- [Data excerpts]:

Segment Open

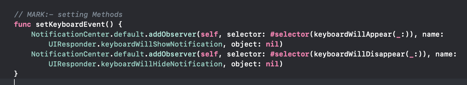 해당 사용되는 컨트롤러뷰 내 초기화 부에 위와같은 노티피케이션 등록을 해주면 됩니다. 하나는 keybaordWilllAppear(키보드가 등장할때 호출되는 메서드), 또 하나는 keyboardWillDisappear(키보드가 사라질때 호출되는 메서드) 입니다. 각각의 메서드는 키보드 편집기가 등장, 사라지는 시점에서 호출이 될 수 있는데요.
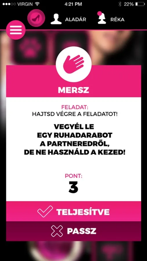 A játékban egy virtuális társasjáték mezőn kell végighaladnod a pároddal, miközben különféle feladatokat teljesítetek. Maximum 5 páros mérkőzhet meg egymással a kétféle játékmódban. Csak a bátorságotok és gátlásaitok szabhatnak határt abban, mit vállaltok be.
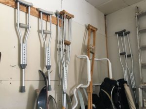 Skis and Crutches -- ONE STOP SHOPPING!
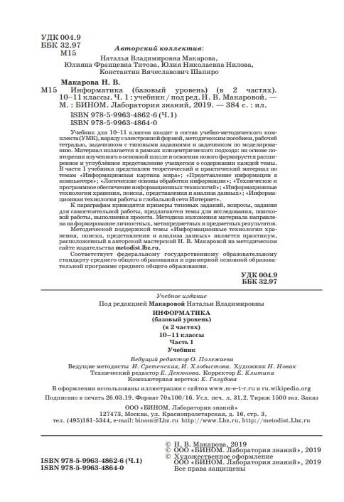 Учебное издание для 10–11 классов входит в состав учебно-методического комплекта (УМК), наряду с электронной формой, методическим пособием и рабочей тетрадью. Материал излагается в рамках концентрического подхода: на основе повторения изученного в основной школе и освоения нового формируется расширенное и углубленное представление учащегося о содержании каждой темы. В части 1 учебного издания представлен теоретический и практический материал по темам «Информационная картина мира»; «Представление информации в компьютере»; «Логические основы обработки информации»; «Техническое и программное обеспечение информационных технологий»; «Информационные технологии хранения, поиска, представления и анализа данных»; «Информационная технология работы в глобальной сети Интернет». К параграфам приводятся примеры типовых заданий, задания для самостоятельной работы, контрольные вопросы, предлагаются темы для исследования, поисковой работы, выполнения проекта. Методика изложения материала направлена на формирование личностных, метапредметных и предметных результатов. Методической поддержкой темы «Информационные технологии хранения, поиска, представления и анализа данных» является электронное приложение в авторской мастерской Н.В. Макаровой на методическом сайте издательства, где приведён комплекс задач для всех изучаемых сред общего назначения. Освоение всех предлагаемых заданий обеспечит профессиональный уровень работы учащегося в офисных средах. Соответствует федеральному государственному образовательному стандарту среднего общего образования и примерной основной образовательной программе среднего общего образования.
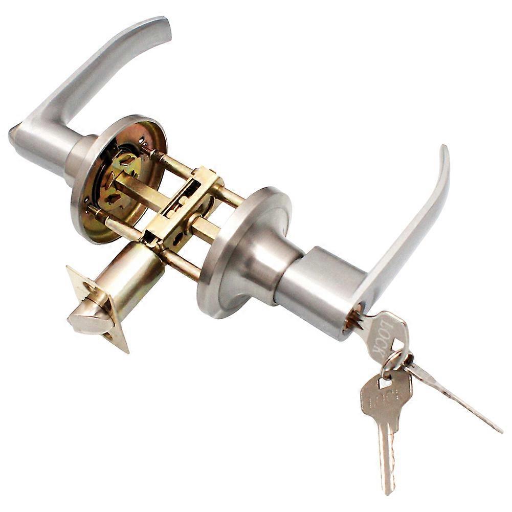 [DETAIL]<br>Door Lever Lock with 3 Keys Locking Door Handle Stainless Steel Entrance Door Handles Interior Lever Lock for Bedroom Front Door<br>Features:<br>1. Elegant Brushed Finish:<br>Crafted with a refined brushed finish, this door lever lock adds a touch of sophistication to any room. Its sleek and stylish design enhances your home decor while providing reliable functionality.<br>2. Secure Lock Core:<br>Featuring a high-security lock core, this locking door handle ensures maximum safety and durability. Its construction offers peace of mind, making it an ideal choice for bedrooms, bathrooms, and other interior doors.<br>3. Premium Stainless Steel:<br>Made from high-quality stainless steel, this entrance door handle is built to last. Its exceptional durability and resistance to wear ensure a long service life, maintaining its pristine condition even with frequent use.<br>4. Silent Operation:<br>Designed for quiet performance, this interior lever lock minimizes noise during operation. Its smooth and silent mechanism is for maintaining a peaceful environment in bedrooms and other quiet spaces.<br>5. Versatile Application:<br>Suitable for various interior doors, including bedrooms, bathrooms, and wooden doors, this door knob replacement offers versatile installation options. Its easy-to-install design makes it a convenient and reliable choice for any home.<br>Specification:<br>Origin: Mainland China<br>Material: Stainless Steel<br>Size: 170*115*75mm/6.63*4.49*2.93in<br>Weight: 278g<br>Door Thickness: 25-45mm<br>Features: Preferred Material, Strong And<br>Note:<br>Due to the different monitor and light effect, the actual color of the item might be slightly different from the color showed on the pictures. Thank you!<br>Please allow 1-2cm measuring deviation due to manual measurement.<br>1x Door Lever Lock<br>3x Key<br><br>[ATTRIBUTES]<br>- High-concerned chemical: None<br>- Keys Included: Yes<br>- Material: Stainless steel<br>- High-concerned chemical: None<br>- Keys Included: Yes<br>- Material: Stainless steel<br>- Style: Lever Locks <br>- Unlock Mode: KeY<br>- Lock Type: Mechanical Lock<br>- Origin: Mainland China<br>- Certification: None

Segment Closed
Segment Open

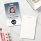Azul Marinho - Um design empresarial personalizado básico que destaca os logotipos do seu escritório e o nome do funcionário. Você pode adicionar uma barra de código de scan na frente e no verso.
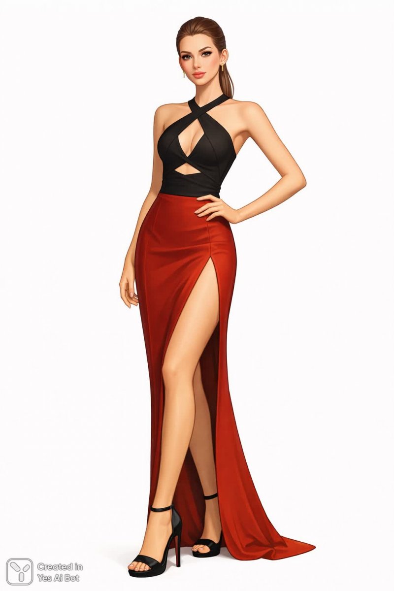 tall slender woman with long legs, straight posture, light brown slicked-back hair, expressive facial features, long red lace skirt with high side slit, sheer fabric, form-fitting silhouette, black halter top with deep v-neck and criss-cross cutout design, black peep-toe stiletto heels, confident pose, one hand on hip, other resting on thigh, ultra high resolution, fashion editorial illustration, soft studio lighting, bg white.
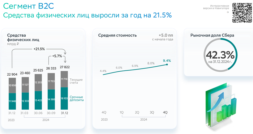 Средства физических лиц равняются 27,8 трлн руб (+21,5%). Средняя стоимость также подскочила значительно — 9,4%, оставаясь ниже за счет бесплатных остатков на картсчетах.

Segment Closed

- [Problem requirements]: Take the entries above and copy exactly the lines starting at the one with "해당 사용되는 컨트롤러뷰" and ending at the one with "Учебное издание для"; nothing outside that span, and no pictures.

- [Exercise answer]:
 해당 사용되는 컨트롤러뷰 내 초기화 부에 위와같은 노티피케이션 등록을 해주면 됩니다. 하나는 keybaordWilllAppear(키보드가 등장할때 호출되는 메서드), 또 하나는 keyboardWillDisappear(키보드가 사라질때 호출되는 메서드) 입니다. 각각의 메서드는 키보드 편집기가 등장, 사라지는 시점에서 호출이 될 수 있는데요.
 A játékban egy virtuális társasjáték mezőn kell végighaladnod a pároddal, miközben különféle feladatokat teljesítetek. Maximum 5 páros mérkőzhet meg egymással a kétféle játékmódban. Csak a bátorságotok és gátlásaitok szabhatnak határt abban, mit vállaltok be.
 Skis and Crutches -- ONE STOP SHOPPING!
 Учебное издание для 10–11 классов входит в состав учебно-методического комплекта (УМК), наряду с электронной формой, методическим пособием и рабочей тетрадью. Материал излагается в рамках концентрического подхода: на основе повторения изученного в основной школе и освоения нового формируется расширенное и углубленное представление учащегося о содержании каждой темы. В части 1 учебного издания представлен теоретический и практический материал по темам «Информационная картина мира»; «Представление информации в компьютере»; «Логические основы обработки информации»; «Техническое и программное обеспечение информационных технологий»; «Информационные технологии хранения, поиска, представления и анализа данных»; «Информационная технология работы в глобальной сети Интернет». К параграфам приводятся примеры типовых заданий, задания для самостоятельной работы, контрольные вопросы, предлагаются темы для исследования, поисковой работы, выполнения проекта. Методика изложения материала направлена на формирование личностных, метапредметных и предметных результатов. Методической поддержкой темы «Информационные технологии хранения, поиска, представления и анализа данных» является электронное приложение в авторской мастерской Н.В. Макаровой на методическом сайте издательства, где приведён комплекс задач для всех изучаемых сред общего назначения. Освоение всех предлагаемых заданий обеспечит профессиональный уровень работы учащегося в офисных средах. Соответствует федеральному государственному образовательному стандарту среднего общего образования и примерной основной образовательной программе среднего общего образования.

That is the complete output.